I've join MN purely to get peeps opinion, as I anticipate that I'll get a fair, honest and measured hearing here compared to forums I normally frequent where it's likely I'll get laughed outta town!
Anyway, I'll try and make this as short as possible without leaving out any vital information:
I'm a guy in my late twenties and have started a new job about a month ago. Incidentally, the job is great but it's not exactly what I'm used to or something which find really fulfilling but jobs and job and hopefully I can move on next year. ANYWAY....
So, on my first week I get ferried across departments, basically to sit with and understand their roles before starting my actual job in the second week. On the third day, I'm sitting with one of the guys as his talking me through what his doing when this girls walks past, I smiled at her and she smiled back. (she must have been off on the second day when I was in her dept).
Now, I'm not stupid, I know she was smiling to be polite. However, I think you know where this is going, so yeah, my heart skipped a beat, literally everything I find attractive, I'm actually amazed I smiled rather than my jaw hitting the floor!
Now, we're three weeks out and I can't stop thinking about her. Massive crush, and the horrible thing is I have never spoken to her, and the chances of being able to engineer the opportunity are slim to none - different departments on different floors, different lunchtime, and on the odd occasion she has been in my office, it's impossible for me to just straight up go and talk to her because it's just going to get people asking questions - it's a very quiet dept. She doesn't seem to know I'm even there :(
The other issue with just talking to her, other than the aforementioned impossibility, is that I'm been burned before, the 'friend-zone' nonsense making it impossible to go further without upsetting things. In short, [i]I don't want to be her friend[/I], to put it bluntly.
I do know bits about her - I'm quite certain she is single, she is popular, respected and appears altogether lovely.
So, after a lot of thought, I'm sitting here thinking the only safe, practical and least potentially creepy option is to become a 'secret admirer'.
IF I go through with this, I had this itinerary in mind:
Week 1 - Leave flowers with a small handwritten note on/in the boot of her car (she sometimes drive her parents SUV), on the days when she finishes later than me. I figured that this is least likely to a) be noticed by anyone else, b) unlikely to come across in any way as creepy, and c) show her that I'm thoughtful and a little brave. In the note I'd say something along the lines of "if you liked the flowers, say thank you on your Facebook (we're not FB friends but it's and open account)", which obviously would give me the go ahead for...
Week 2 - this is where it turns a bit brave. Now, leaving something on her car again will just be a bit one dimensional as I've done it once, so I'd send chocolates to her VIA WORK, so that she'd have them delivered to her department and everyone she works with would see it! The logic being that she would share the chocolates, let on to them about the flowers, and then her colleagues would basically do my work for me by pushing her to keep going. Again, in the note would be the Facebook thank you line to confirm back to me that she is still interested.

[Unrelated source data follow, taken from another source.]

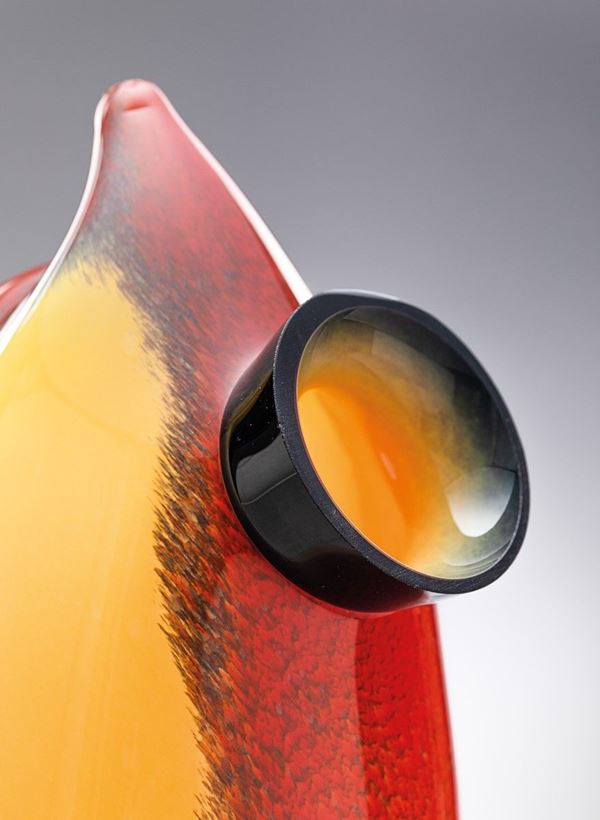 Vetro policromo con due bocche laterali asimmetriche e rifiniture in vetro nero.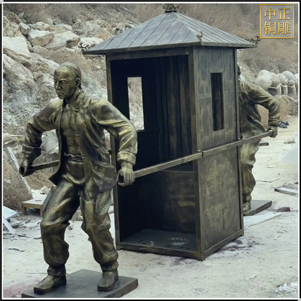 中正銅雕-抬轎子景觀人物雕塑、抬轎子景觀人物雕塑價格額、抬轎子景觀人物雕塑廠家,我公司集科研、開發(fā)設(shè)計、普通鑄造、一次性整體澆鑄、精密鑄造于一體。本公司技術(shù)力量雄厚,設(shè)備,不但重視中國青銅器原有的藝術(shù)風(fēng)格,還繼承了文物原有的藝術(shù)品味,在繼承和發(fā)揚古老文化的同時,更深一步為新老客戶定身量制各種銅制、鐵制工藝品等產(chǎn)品,曾多次受到寺廟長老和美術(shù)學(xué)院教授的好評。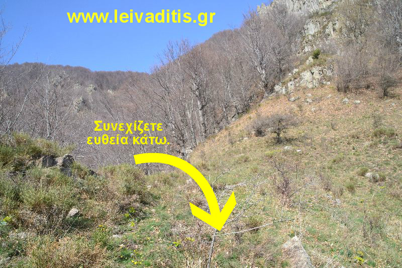 Πρέπει να δώσετε προσοχή στην μεγάλη κλίση που έχουν οι πλαγιές που πρέπει να κατέβετε για να ακολουθήστε το ρέμα. Για το επόμενο 1,5 χιλιόμετρο θα πρέπει να προσέχετε πολύ γιατί θα πρέπει να έχετε το νου σας και να βρείτε τα σημάδια αλλά και να κατεβαίνετε με ασφάλεια (χωρίς τραυματισμούς). Θα σας πάρει περίπου 50 λεπτά για να περάσετε αυτό το επικύνδυνο σημείο. Κάποια στιγμή τα σημάδια σταματάνε αλλά εσείς συνεχίζετε και κατεβαίνετε ευθεία κάτω. Μπροστά σας εξάλλου αρχίζουν και φαίνονται λιβάδια και οι στάνες των τσοπάνων της περιοχής και εκεί θέλετε να καταλήξετε και εσείς προκειμένου να φτάσετε στον αγροτικό δρόμο που θα σας οδηγήσει πίσω στον οικισμό της Πάχνης.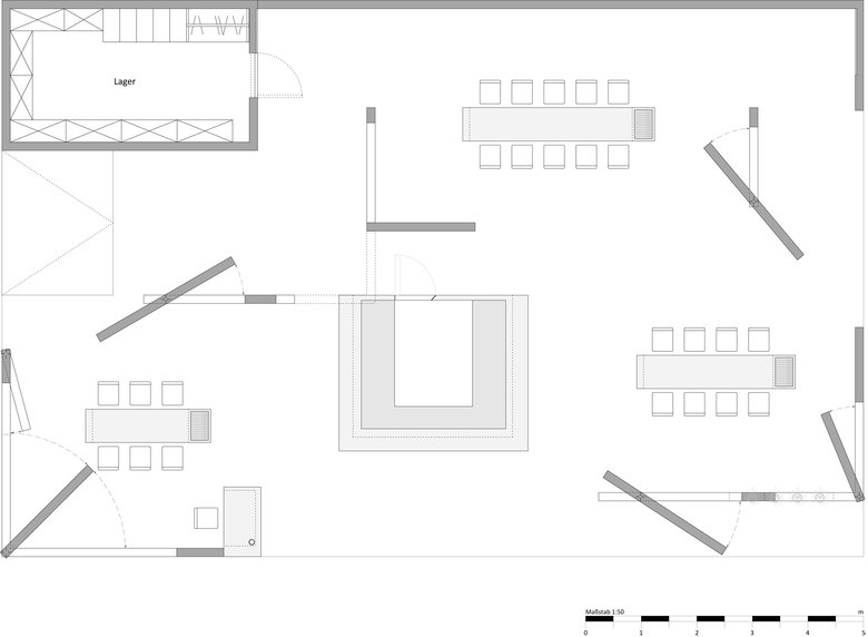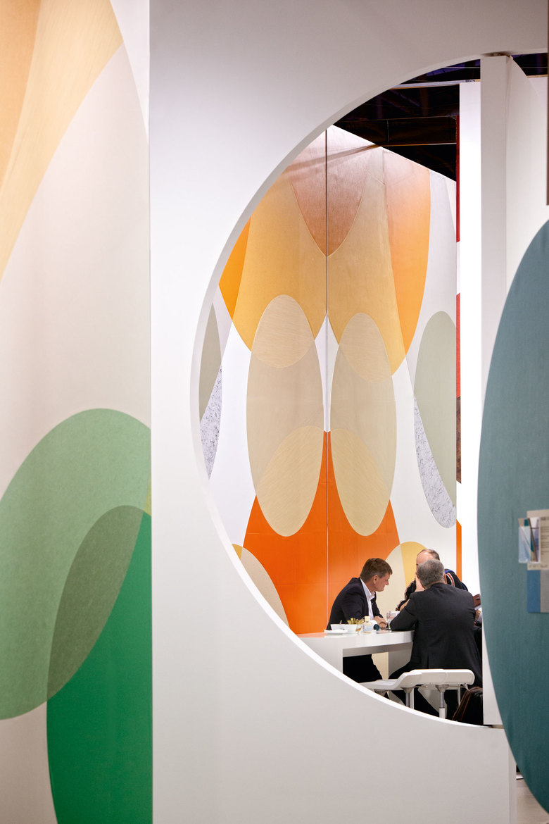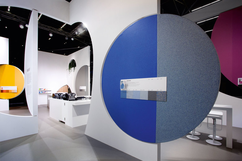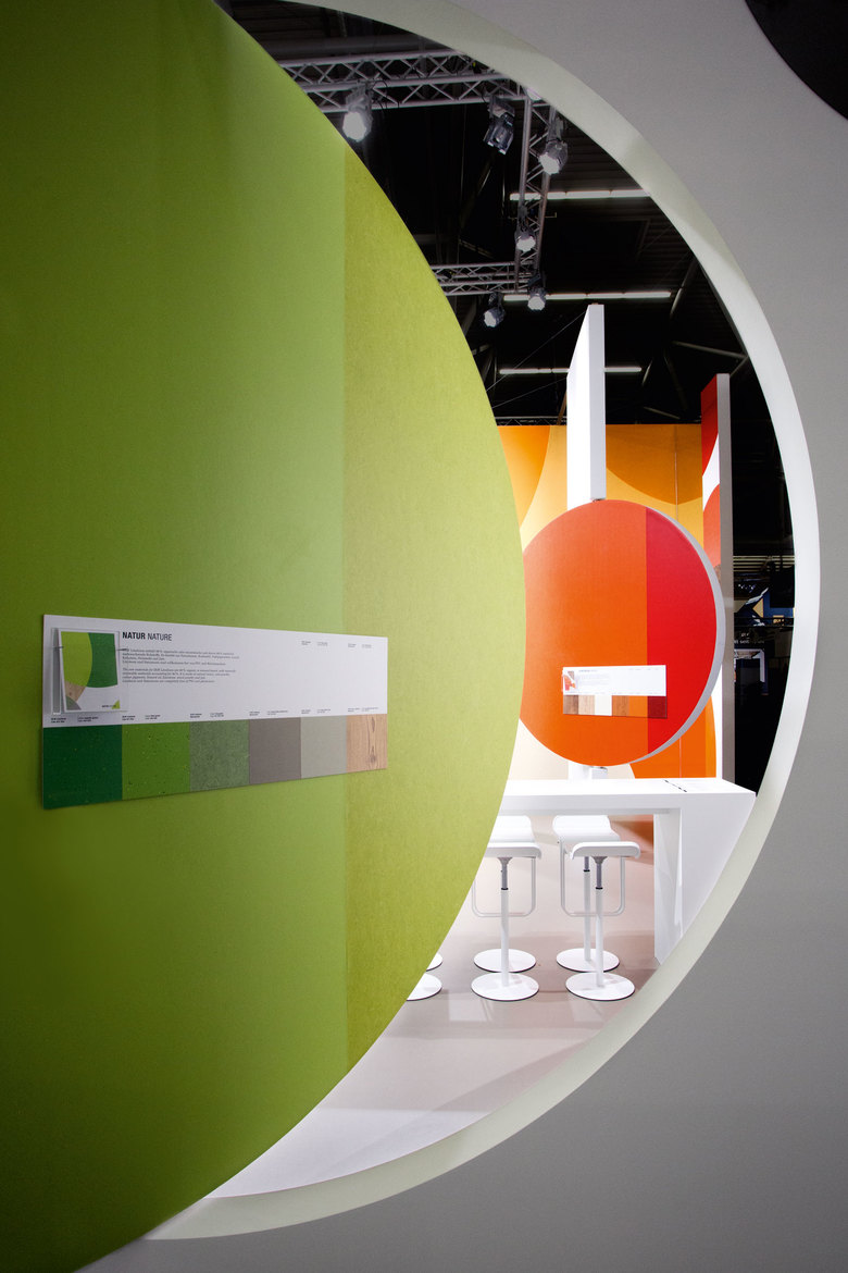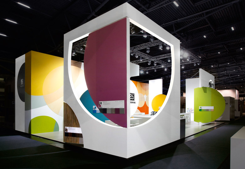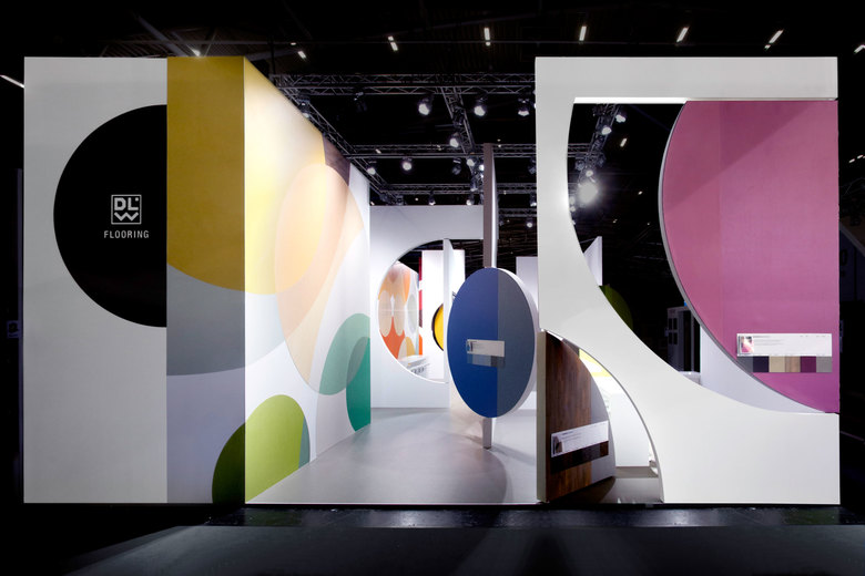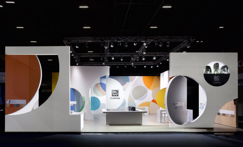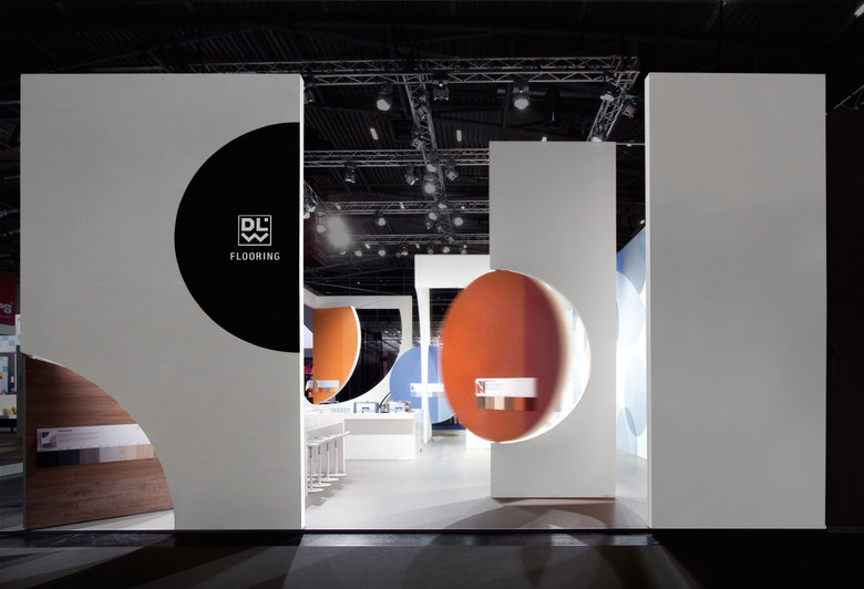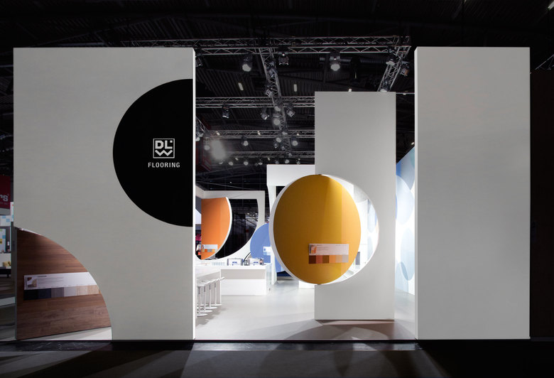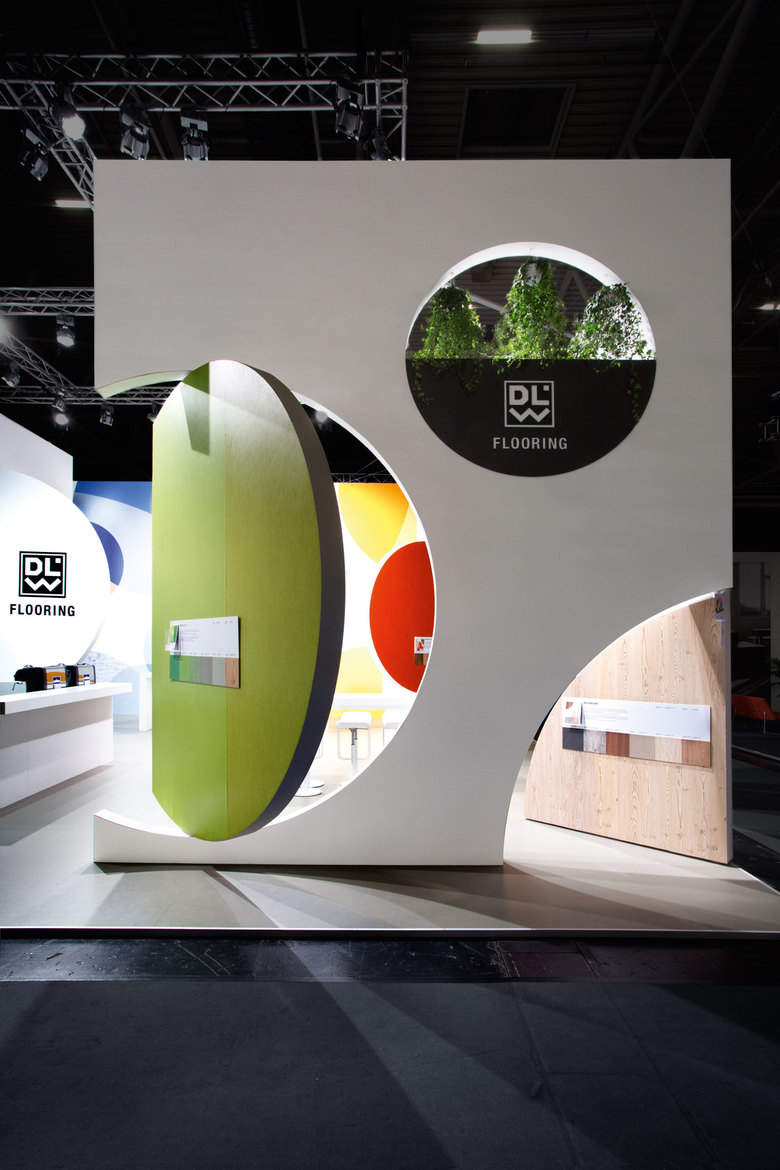 Ganz nach dem Motto „Inside out“ strahlt das Innere des Standes nach außen. Die weißen Außenwände skizzieren nur grob den Rahmen des Stands. Aus den Wänden sind großflächig Kreise und Kreissegmente ausgeschnitten. Diese sind beidseitig mit Collagen aus DLW-Produkten belegt und als drehbare Scheiben wieder in die Wände eingesetzt. Über diese Elemente können die Besucher mit dem Stand interagieren und sie kommen so spielerisch mit der Produktwelt in Kontakt. Gleichzeitig entstehen so von außen immer neue Perspektiven auf den sich ebenfalls verändernden Innenbereich. Für diesen Reigen der Formen und Farben bilden großflächige Materialkompositionen an den Rückwänden eine Art permanentes Bühnenbild. Auch die obligatorischen Besprechungsinseln sollen in dieser Inszenierung nur Statisten sein und ordnen sich visuell unter.

Now, at this stage I'm a little unsure of whether to go for a third gift (what else is there?!), or go for the big one...
Week 3 - I would book a table at a nice restaurant, and then send her (again via the post at work) an invitation to a date. The only risk is that I book on night she can't attend. Again, asking her to confirm on Facebook.
What do we think? I'm a little unsure on the Facebook element, but the only alternative is to set-up an email address, but the problem there is that she might be hesitant to share her personal email address, though I suppose she could use her work email address.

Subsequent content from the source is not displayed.